- Cover of the 2003 Brat Pack trade paperback. Art by Rick Veitch.

Publication information
- Publisher: King Hell Press
- Schedule: Monthly
- Format: Limited series
- Genre: Superhero;
- Publication date: August 1990 – May 1991
- No. of issues: 5
- Main characters: Black October: Midnight Mink & Chippy; Judge Jury & Kid Vicious; Moon Mistress & Luna; King Rad & Wild Boy;

Creative team
- Created by: Rick Veitch
- Written by: Rick Veitch
- Artist: Rick Veitch
- Letterer: Gary Fields

Collected editions
- Brat Pack: Heroes From Hell: ISBN 0-9624864-4-2

= Brat Pack (comics) =

Comic book series by Rick Veitch

Brat Pack is a comic book limited series by Rick Veitch (self-published under the company name King Hell Press). It is a dark satire on superhero sidekicks, influenced partly by the publicity stunt in which readers voted to kill off Batman's sidekick Jason Todd, but also built on other long-standing rumors and undercurrents in the history of the superhero genre, prominently commercialism, violence, and the fascist tendencies inherent in heroes.

== Plot ==
The residents of Slumburg, Pennsylvania are venting about their dislike for Chippy, the pink leather-clad sidekick of the gay superhero Midnight Mink. Dr. Blasphemy challenges the host of a local radio program to hold a call-in radio poll: if a majority votes for Chippy and his fellow superhero sidekicks to die, then Dr. Blasphemy will carry out the will of the people and murder them. Most of the general public call in to vote for the murder of the sidekicks.

Meanwhile, Chippy talks with a local priest about the cruelty of the heroes that he and his friends work for. Leaving the confessional chamber, a young altar boy named Cody notices the teen hero leave and realizes that his priest knows the heroes.

That evening, a sudden explosion kills three of the sidekicks and horribly disfigures Chippy. Horribly maimed, Chippy goes into hiding.

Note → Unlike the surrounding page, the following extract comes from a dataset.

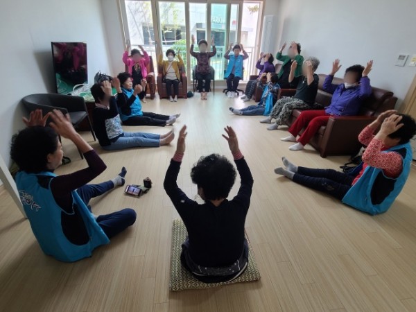 어르신들이 체조로 몸을 풀며 서로서로 건강을 챙기는 모습이 보기 좋습니다.

The four heroes whose sidekicks were killed, known collectively as Black October, have licensed their images to various corporations for profit; however, their contracts state that they must have teen sidekicks. They order Father Dunn to find replacement sidekicks. Cody offers himself as the new Chippy.

As the series progress, the four heroes systematically break their young charges mentally and physically. By the end, all four teen heroes are irrevocably broken mentally, just like their predecessors. Meanwhile, Cody finds himself repeatedly visiting Father Dunn. He reveals that all three of his fellow sidekicks hate and despise him. He further states that he has become disaffected with the life of a hero.

Dr. Blasphemy reveals that the kids are pawns of corporate America: they require the psychopathic heroes have teen sidekicks to make them appear wholesome to the masses. Blasphemy then reveals that the superheroes murdered their sidekicks' parents so they would not have to split the money from the merchandise deals. In one document, Chippy discovers a clause stating that when the sidekicks come of legal age, the heroes must start splitting the proceeds from their merchandise/media deals with their sidekicks. Chippy realizes that the superheroes were responsible for the bomb blast that killed their original sidekicks, all of whom were on the verge of turning 18. However, before they can do anything, a bomb is dropped on the church from a plane flown by Black October.

Father Dunn hangs himself in the bell tower. Suddenly, the electrical storm reaches its peak as long-lost superhero True-Man returns and murders his former friends by trapping them under the church bell which he melts on top of them. It is revealed that Dr. Blasphemy is King Rad's butler. The final shot shows the church in ruins as the radio declares a state of emergency and tells everyone to stay indoors until the lightning storm is over.

== Reception ==
Brat Pack is Rick Veitch/King Hell's top-selling title, with the fourth edition selling out in late 2007. Veitch released a fifth edition in 2009. Comics reporter Heidi MacDonald considers Brat Pack the third part of "the troika of immortal works dissecting the superhero genre, with the other two being Dark Knight and Watchmen. Indeed, for those brave readers looking for a follow-up to Watchmen, Brat Pack could be just the thing."

In 1992, Brat Pack was nominated for the "Best Finite Series" Eisner Award.

==Adaptations==
In 2010, Brat Pack was optioned by ARS Nova, the producers of Black Dynamite. The film was never made.